Bear in mind that even though we show close variations of your phrase and exact match keywords, these match types still give you more control than broad match. That’s because broad match keywords also show for synonyms and related searches, which aren’t considered close variations.”


What does this mean?

  • When doing keywords research, don’t add close variants as separate keywords (that would skew the traffic numbers and/or forecasting)
  • Think about user intent, rather than specific a keyword when creating new content or optimising old one

Example of close keyword variations:

  • london +plumbing +help
  • london +plumber +help
  • london +plumbers +help

Close variants of “plumber” would include “plumbing” and “plumbers“. Below the search volume for all of them:

close variant keywords

 

If you decide to just use one keyword to cover all variations I would review eventually review which one better matches the semantics and purpose of the content/phrase.

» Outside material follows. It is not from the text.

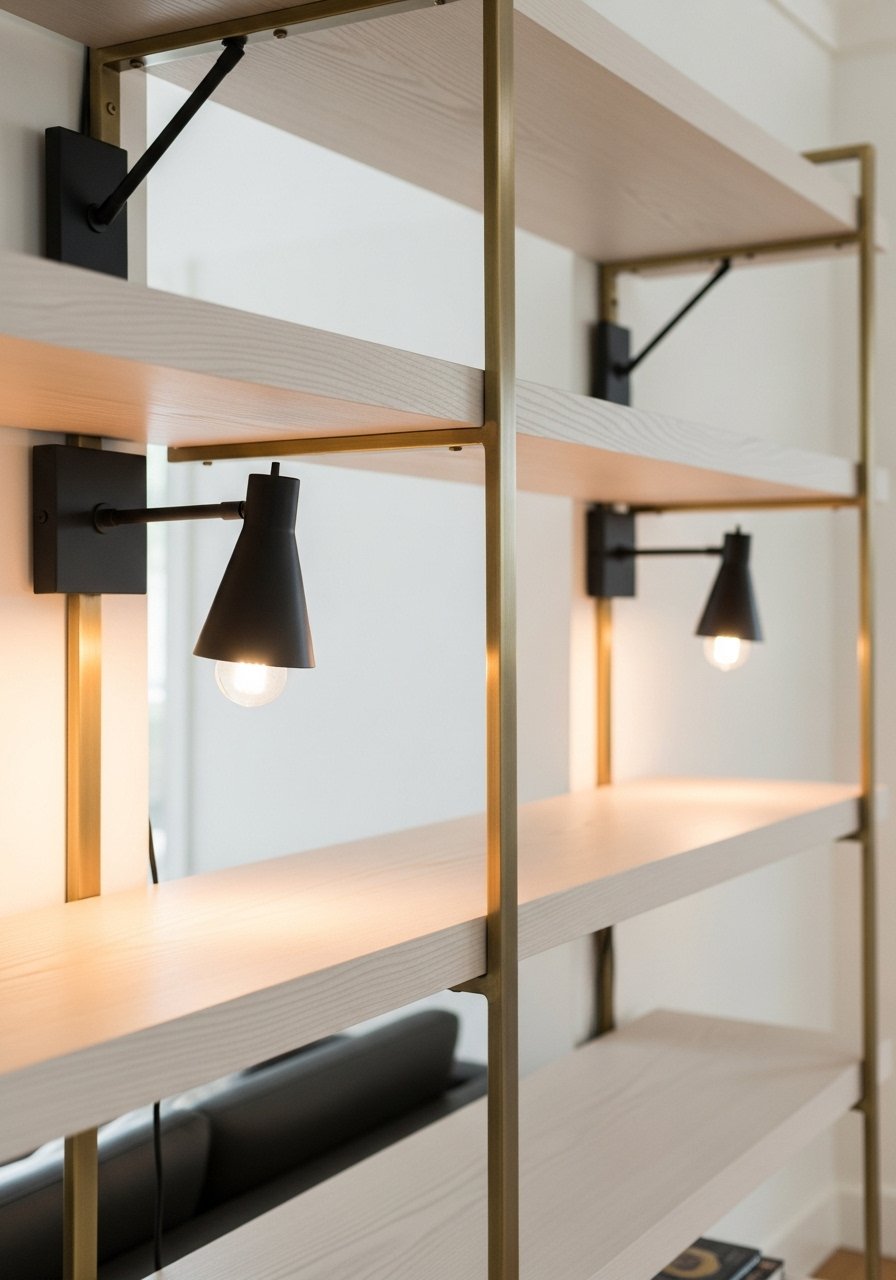 I mixed warm brass hooks with matte black shelf brackets and white oak shelves. The contrast reads current for 2025. Use a consistent metal for high-touch items like hooks to avoid visual confusion. Mistake: cluttering shelves with too many metallic accents—balance with wood and textiles.

The concept of exact match targeting was a 15+ year old concept. We’ve moved towards user intent and Google repeatedly emphasised that. Now the online tool has also reflected this when it comes to performing keyword discovery.

Although the change is more pertinent to paid ads and the way campaigns are created and budgets managed, this is also related to our SEO tasks, especially when evaluating the traffic, based on number/type of keywords and their search volume.

This way, instead of going nuts about huge/endless keyword lists, you can better spend your energies into being relevant to user intent, reducing account complexity and expanding reach.

Note: This is not always the case, especially on other languages where Google might find it difficult to grammatically make sense or understand the differences. As usual, double-check the results.